2) If you have a function f : R -> R, you can associate to f its "kth moment" which is defined as (I'll write it in tex) f_k := \int_{\mathbb{R}} f(x) x^k dx
With this, you can create a Hankel matrix A_n(f) whose entries are (A_n(f)){ij} = f{i+j-2}, that is something of the like
f_0 f_1 f_2
f_1 f_2 f_3
f_2 f_3 f_4
With this in mind, it is easy to define the Hankel determinant of f which is simply
H_n(f) := det(A_n(f)). (Of course, it is understood that f has sufficient decay at infinity, this means that all the moments are well defined. A typical choice for f could be the gaussian f(x) = exp(-x^2), or any continuous function on a compact set of R...)

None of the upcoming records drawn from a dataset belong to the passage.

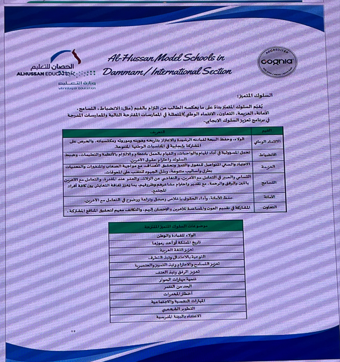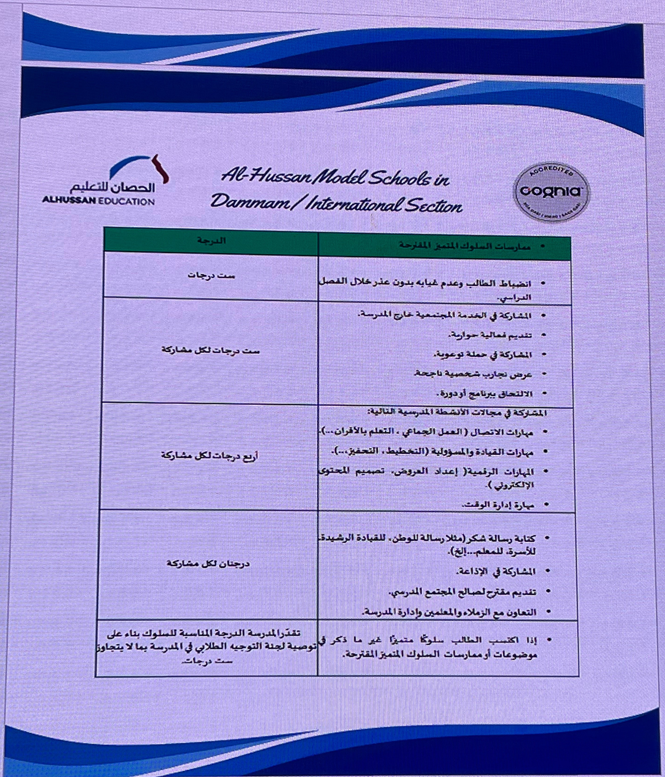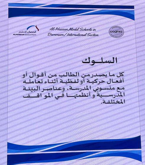 Al Hussan National Schools for Girls, the International Section in Dammam held an introductory meeting on exemplary behaviour within the 1447 Code of Conduct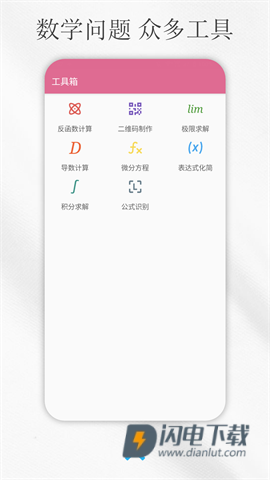 4、如果需要更多功能,可以点击主页右下角的+号,进入工具箱。除了求解方程外,积分、导数、极限以及微分方程等都会一一呈现,绝对不让你感到冷场!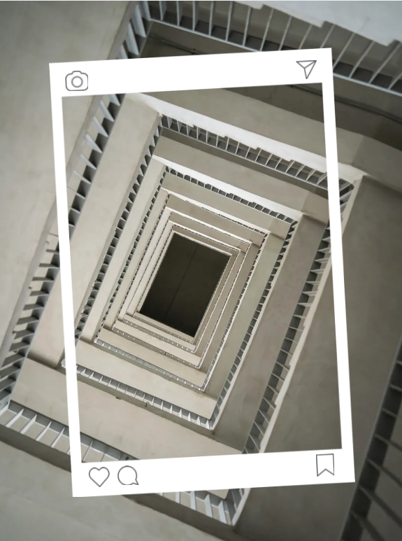 多层空间螺旋直上不断攀升,看一眼直觉眩晕,没有多余的装饰,只有水泥构成的线条,横平竖直,整齐划一,粗狂又不失美感。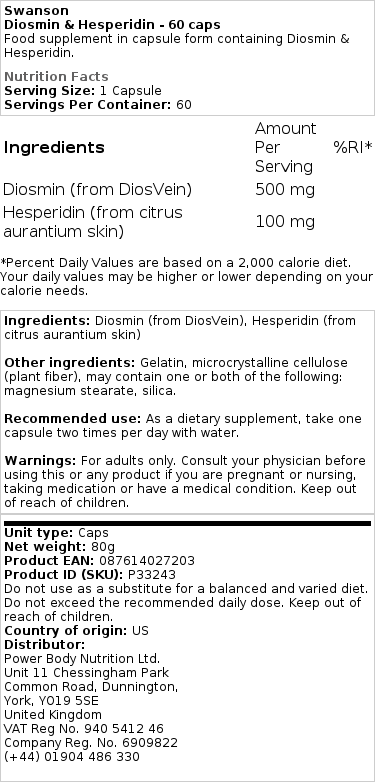 Sestavine: Diosmin (iz DiosVein), Hesperidin (iz kože Citrus aurantium) Druge sestavine: Želatina, mikrokristalna celuloza (rastlinska vlakna), lahko vsebuje enega ali oba od naslednjega: magnezijev stearat, silicijev dioksid. Priporočena uporaba: Kot prehransko dopolnilo zaužijte eno kapsulo dvakrat dnevno z vodo. Opozorila: Samo za odrasle. Pred uporabo tega ali katerega koli izdelka se posvetujte z zdravnikom, če ste noseči ali dojite, jemljete zdravila ali imate zdravstveno stanje. Hraniti izven dosega otrok.

3) What I call orthogonal polynomials of f is a set of polynomials (p_n) such that
\int_{\mathbb{R}} f(x) p_j(x) p_k(x) is 1 if j = k and 0 otherwize.
(They are called like that since they form an orthonormal basis of the vector space of polynomials with respect to the scalar product
(p|q) = \int_{\mathbb{R}} f(x) p(x) q(x) dx
4) Now, it is basic linear algebra that from any basis of a vector space equipped with a scalar product, you can built a orthonormal basis thanks to the Gram-Schmidt algorithm. This is where the n^2 integrations comes from. You start from the basis 1, x, x^2, ..., x^n. Then you need n(n-1) integrals for the family to be orthogonal, and you need n more in order to normalize them.
5) There is a theorem saying that if f : R -> R is a function having sufficient decay at infinity, then we have that its Hankel determinant H_n(f) is equal to
H_n(f) = \prod_{j = 0}^{n-1} \kappa_j^{-2}
where \kappa_j is the leading coefficient of the j+1th orthogonal polynomial of f.
Thank you for your answer!
(PS: I tagged octave because I work in octave so, with a bit of luck (but I doubt it), there is a built-in function or a package already done managing this kind of think)
Orthogonal polynomials obey a recurrence relation, which we can write as
P[n+1] = (X-a[n])*P[n] - b[n-1]*P[n-1]
P[0] = 1
P[1] = X-a[0]
and we can compute the a, b coefficients by
a[n] = <X*P[n]|P[n]> / c[n]
b[n-1] = c[n-1]/c[n]
where
c[n] = <P[n]|P[n]>
(Here < | > is your inner product).
However I cannot vouch for the stability of this process at large n.